In perturbation theory, if
\begin{align}{\hat {H}} &= {\hat {H}^{(0)}} + λ{\hat {H}^{(1)}} \tag{1}\\ {ψ} &= {ψ^{(0)}} + λ{ψ^{(1)}} +λ^2{ψ^{(2)}} + ... \tag{2}\\ {E} &= {E^{(0)}} + λ{E^{(1)}} +λ^2{E^{(2)}} + ... \tag{3}\\ \end{align}
then, by applying these three equations on ground state $ψ_0$ and using the general time-independent ${\hat {H}{ψ} = Eψ}$ , it can be shown that:[1]
$$E_0^{(2)} = \sum_{n \neq 0}\frac{|H_{n0}|^2}{E_{0}^{{(0)}}-E_n^{(0)}} \tag{4}$$
The proof can be found in quoted reference; it is too long and not shown here. There is one step reads:
\begin{align}\int{ψ^{(0)*}_0}&\hat {H}^{(0)}{ψ^{(2)}_0} dτ + \int{ψ^{(0)*}_0}\hat {H}^{(1)}{ψ^{(1)}_0} dτ = \\ &E^{(2)}_0\int{ψ^{(0)*}_0}{ψ^{(0)}_0} dτ + E^{(1)}_0\int{ψ^{(0)*}_0}{ψ^{(1)}_0} dτ + E^{(0)}_0\int{ψ^{(0)*}_0}{ψ^{(2)}_0} dτ\tag{5}\end{align} the first and last terms cancel.
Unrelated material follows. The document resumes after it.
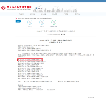 "煤改氣"是當下我國政府在改善空氣質(zhì)量的民生重點工程,各地區(qū)政府在項目招投標的過程中對產(chǎn)品能效、品牌實力和售后服務進行嚴格篩選,只有在市場表現(xiàn)上品質(zhì)最可靠、運行最穩(wěn)定、服務最專業(yè)的產(chǎn)品方能入圍。光源公司在2020年寧晉縣“氣代煤”壁掛爐采購安裝項目招標中以第一候選人:河北光源太陽能科技有限公司優(yōu)異成績拔得頭籌。

I don't see why the first term (on LHS) is equal to the last term (on RHS). Based on the first three equations above, we can only conclude
$$\hat {H}^{(0)}{ψ^{(0)}_0} = {E}^{(0)}_0{ψ^{(0)}_0} \tag{6}$$
Why is $\hat {H}^{(0)}{ψ^{(2)}_0} = {E}^{(0)}_0{ψ^{(2)}_0} $? Also, why is ${ψ^{(2)}_0}$ also an eigenfunction of $\hat {H}^{(0)}$, with same eigenvalue as that of ${ψ^{(0)}_0}$? I believe it has something to do with linearity of quantum mechanics, but not able to prove it.
Reference
[1]: Peter Atkins, Julio de Paula. Physical Chemistry (8th Edition). OUP. 2006. Page 314-315.